August 11, 2019 | By:
Witch Hazel, Hamamelis virginiana, © NFA

Northern Forest Atlas Project

Featured image credit:  Witch Hazel, Hamamelis virginiana, © NFA

We introduce The Northern Forest Atlas Project, an organization we greatly admire for their contribution to the protection of these vital forests. This profile is drawn from the NFAP website, northernforestatlas.org. Field guides, plant charts, blogs, and photos from NFAP are all state-of-the-art works of biological wonder and important tools for helping build support for protecting the Northern Forest. ~ editors

From eastern Maine and the Maritimes to the prairie’s edge in Minnesota and Manitoba, the Northern Forest in northeast North America is a standard of great forests, large, diverse, and surprisingly continuous. “In a world in which much forest has been lost or damaged, and where natural carbon storage is critical to the future of the planet, the Northern Forest is very important.” It’s continuing importance depends upon its integrity and health.

Adirondack High Peaks from air, © NFA

Adirondack High Peaks from air, © NFA

The Northern Forest Atlas Project was created to protect that integrity and health by documenting the current biology of the forests and providing tools for the next generation of naturalists and conservationists who will study and protect them.

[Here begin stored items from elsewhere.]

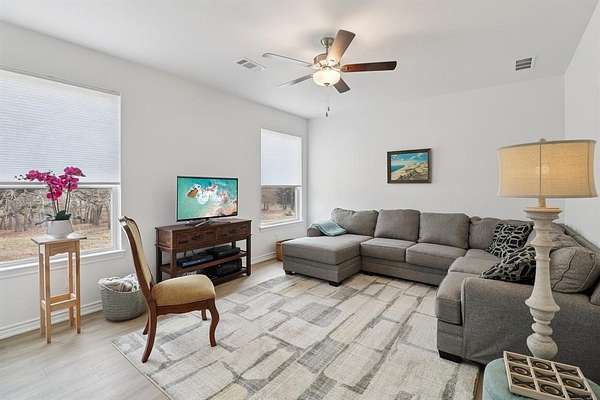 This is the one! Modern custom farmhouse on 4.28 private wooded acres backing directly to 400+ acres of LBJ National Grasslands. Enjoy peaceful single story living with a forever backyard filled with mature trees, abundant wildlife, rolling hills, and a seasonal creek. A vast natural setting for hiking and exploring begins right outside your door.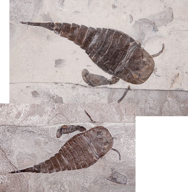 Eurypterids, Sea Scorpions Positive and Negative Slab. Eurypterids, also known as sea scorpions were fierce predators in the warm seas 425 million years ago. They grew to over 6 feet long and easily hunted the slow moving armored fish of that era. Eurypterids were related to scorpions and were probably the first animal to leave the sea and crawl out on dry land. This highly detailed sea scorpion, Eurypteurus lacustris comes from the famous 425 million year old Fiddler's Green Quarry of Herkimer County, New York. This large specimen is 5 inches long having one paddle, a repaired telson (looks like the stinger in a scorpion but was not poisonous) and two of the six walking legs. These delicate walking legs are rarely preserved. What makes this specimen so unusual is that both the positive and negative slabs (7x6 inches) were preserved when the super hard grey rock was split to reveal its fossilized treasure inside. Usually, because the rock is so hard, at least one of the halves breaks into many pieces. There is one repaired break line in both the positive and negative halves but this doesn't affect the body detail on the scorpion. Both halves are included in this lot.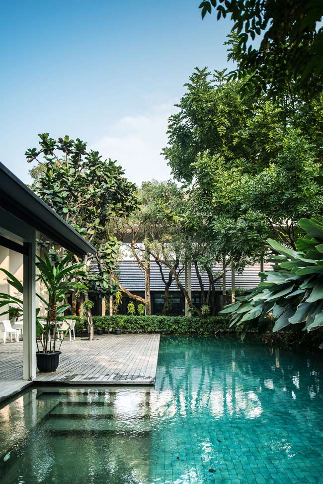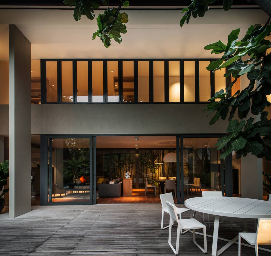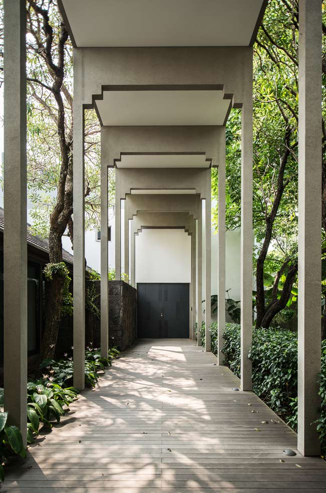 “The owner wanted a forest-like entrance, which is why we decided on this tall corridor,” said architect Tan Tik Lam. Slender columns echo the svelte trunks of nearby trees. The rhythmic arrangement of the organic and the rectilinear is also impressed on the decking as shadows are cast throughout the day.

Conservation philanthropist Ed McNeil and biologist Jerry Jenkins conceived the Atlas in 2011 to: “create a library of photos and air videos showing the landscapes, plants and animals of the northern forest; to create photographic and diagrammatic atlases, both paper and digital, for plants and landscapes; and to design and produce a series of modern field guides to plants and ecology.”

Burr-oak Thickets on Sand Hills, Western Minnesota, © NFA

Burr-oak Thickets on Sand Hills, Western Minnesota, © NFA

Their beautiful summary explains the Project’s vast work, which includes approximately 5,000 photos and videos and makes available a dozen atlases and charts. The imagery currently focuses on woody plants, mosses, sedges, and landscapes. Grasses, herbs, forest ecology and mammals will follow. Their first charts and digital atlases are for mosses and landscapes. Their first book is a field guide to woody plants; and sedge and moss field guides will soon be available.

Woody Plants of the Northern Forest

Woody Plants of the Northern Forest

An index of their products, which includes Charts and Posters, Decorative Products, Digital Atlases, Field Guides, Graphics for Download, and Photographic Guides can be found here. Their website also includes a “Quick Guide to Northern Forest Landscapes” and introductions to photographic technique. This is all accomplished by exceptional board, staff, and collaborators.

AirCam at Utowana Lakes, Adirondacks, © NFA

AirCam at Utowana Lakes, Adirondacks, © NFA

Thoughts from a New Hampshire ex-pat on the Rewilding Earth editorial team: Conservation of any natural area requires deep knowledge of what is being protected and support from enough people informed of what is at stake who will rally to the cause. These are educational challenges, and the Northern Forest Atlas Project is tackling them head-on. It aims to document and present in accessible detail the beauty and biodiversity of what is left of this important biological community in the 21st century. What remains of the Northern Forest in the heavily settled northeastern North America, where I grew up, is likely to continue to shrink in the face of human population growth and development unless someone steps up to make very clear what is to be gained by conservation or lost by exploitation. The Northern Forest Atlas Project is a key part of stepping up to the challenge.